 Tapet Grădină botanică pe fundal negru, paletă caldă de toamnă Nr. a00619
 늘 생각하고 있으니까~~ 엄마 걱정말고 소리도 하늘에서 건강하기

● ● ● ● ● ● ●

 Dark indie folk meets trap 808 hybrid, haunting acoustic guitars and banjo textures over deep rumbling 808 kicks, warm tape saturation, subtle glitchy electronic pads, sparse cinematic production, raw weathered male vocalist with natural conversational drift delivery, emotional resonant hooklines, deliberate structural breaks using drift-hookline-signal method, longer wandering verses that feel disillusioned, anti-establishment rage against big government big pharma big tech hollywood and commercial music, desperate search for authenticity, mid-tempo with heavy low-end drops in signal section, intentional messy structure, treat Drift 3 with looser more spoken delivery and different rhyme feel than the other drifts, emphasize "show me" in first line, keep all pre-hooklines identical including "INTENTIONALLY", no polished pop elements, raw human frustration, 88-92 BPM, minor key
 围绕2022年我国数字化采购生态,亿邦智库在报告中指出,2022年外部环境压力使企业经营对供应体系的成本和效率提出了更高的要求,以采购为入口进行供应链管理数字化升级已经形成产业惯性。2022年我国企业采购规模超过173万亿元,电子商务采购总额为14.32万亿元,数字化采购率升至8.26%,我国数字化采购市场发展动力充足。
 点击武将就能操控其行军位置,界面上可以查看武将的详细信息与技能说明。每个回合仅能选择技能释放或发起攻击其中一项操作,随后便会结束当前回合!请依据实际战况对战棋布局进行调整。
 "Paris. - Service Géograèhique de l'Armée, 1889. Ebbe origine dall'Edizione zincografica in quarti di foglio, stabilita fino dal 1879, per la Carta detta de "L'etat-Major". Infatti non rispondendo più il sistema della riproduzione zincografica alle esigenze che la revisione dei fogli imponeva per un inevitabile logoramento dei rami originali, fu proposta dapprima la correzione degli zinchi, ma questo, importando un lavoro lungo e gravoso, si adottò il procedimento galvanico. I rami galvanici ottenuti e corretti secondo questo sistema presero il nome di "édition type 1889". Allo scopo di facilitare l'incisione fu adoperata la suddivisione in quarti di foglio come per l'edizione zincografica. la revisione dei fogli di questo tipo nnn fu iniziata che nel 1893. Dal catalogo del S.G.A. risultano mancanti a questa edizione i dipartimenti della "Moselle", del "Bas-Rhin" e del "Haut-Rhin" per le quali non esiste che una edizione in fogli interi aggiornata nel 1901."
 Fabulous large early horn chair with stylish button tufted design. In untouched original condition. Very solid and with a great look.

● ● ● ● ● ● ●

## TASK TO CARRY OUT
An exact copy of the lines above, from the one containing "Tapet Grădină botanică" through the one containing "늘 생각하고 있으니까~~ 엄마 걱정말고 소리도 하늘에서 건강하기", is the whole of the answer.

## ANSWER TO THE EXERCISE
 Tapet Grădină botanică pe fundal negru, paletă caldă de toamnă Nr. a00619
 늘 생각하고 있으니까~~ 엄마 걱정말고 소리도 하늘에서 건강하기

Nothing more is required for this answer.